Variant calling: GATK Best Practices pipeline, FreeBayes, or DeepVariant (machine-learning based).
Annotation: SnpEff, VEP to add gene and functional context.

11.8 Reproducibility: Workflows, Containers, and Data Provenance¶

Reproducible analysis is essential. Recommendations:

Use workflow managers: Snakemake, Nextflow, or Cromwell to encode pipelines as reproducible workflows.
Containerize tools: use Docker or Singularity/Apptainer to lock tool versions and dependencies.
Keep manifests: record conda/pip environments or provide Dockerfile/Singularity images.
Use MultiQC and automated reports to capture QC metadata.

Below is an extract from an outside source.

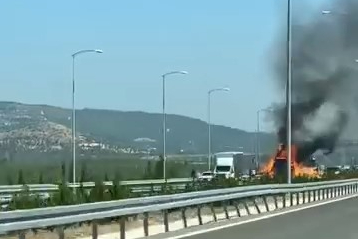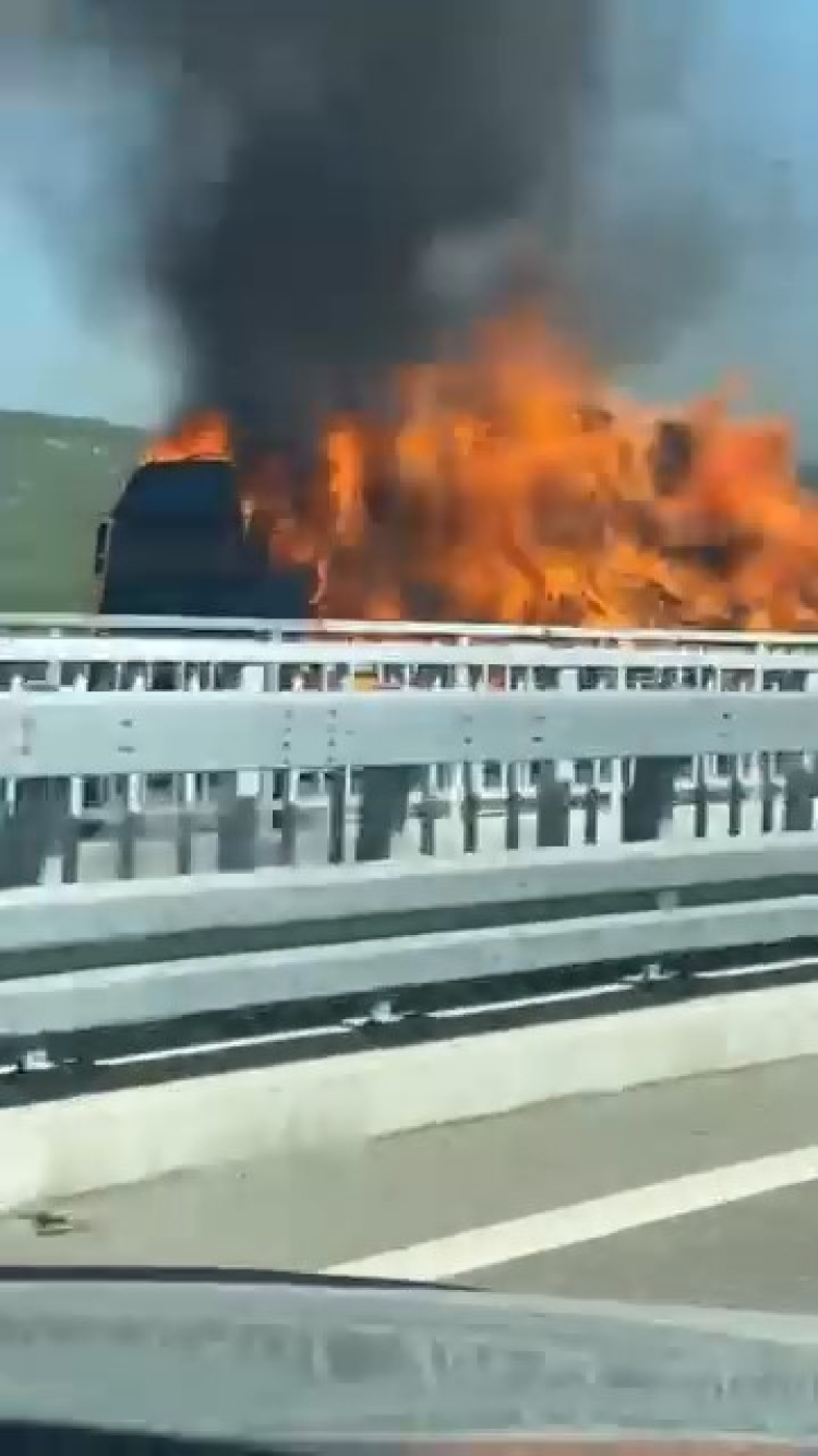 Bursa’nın Karacabey ilçesi, Karacabey-Bursa otobanında seyir halindeki dorse yüklü tır arıza sonrası bir anda alev aldı. Hızla büyüyen alevler dorseye sıçradı. Alevler kısa sürede büyüdü. Alev topuna dönen aracı gören çevredekiler hemen 112 Ekiplerine bilgi verdi. İtfaiye ekiplerince yangın söndürülürken, tır kullanılamaz hale geldi. Olayda can kaybı veya yaralanma meydana gelmedi.

11.9 Emerging Methods and Notes¶

Long-read sequencing (Oxford Nanopore, PacBio) enables isoform-level RNA analysis, direct RNA sequencing, and improved structural variant detection.
Single-cell sequencing requires specialized preprocessing (UMI handling, cell barcodes) and downstream tools (CellRanger, Scanpy, Seurat).
Privacy and ethics: human sequence data often requires controlled-access storage and adherence to consent agreements.

11.10 Quick example Snakemake rule (alignment)¶

rule align:
  input:
    reads="{sample}.fastq.gz",
    ref="ref/genome.fa"
  output:
    bam="{sample}.bam"
  shell:
    """
    bwa-mem2 mem {input.ref} {input.reads} | samtools sort -o {output.bam}
    samtools index {output.bam}
    """

This small rule demonstrates how to pin commands into a reproducible workflow. Workflow files should be version-controlled alongside configuration and environment manifests.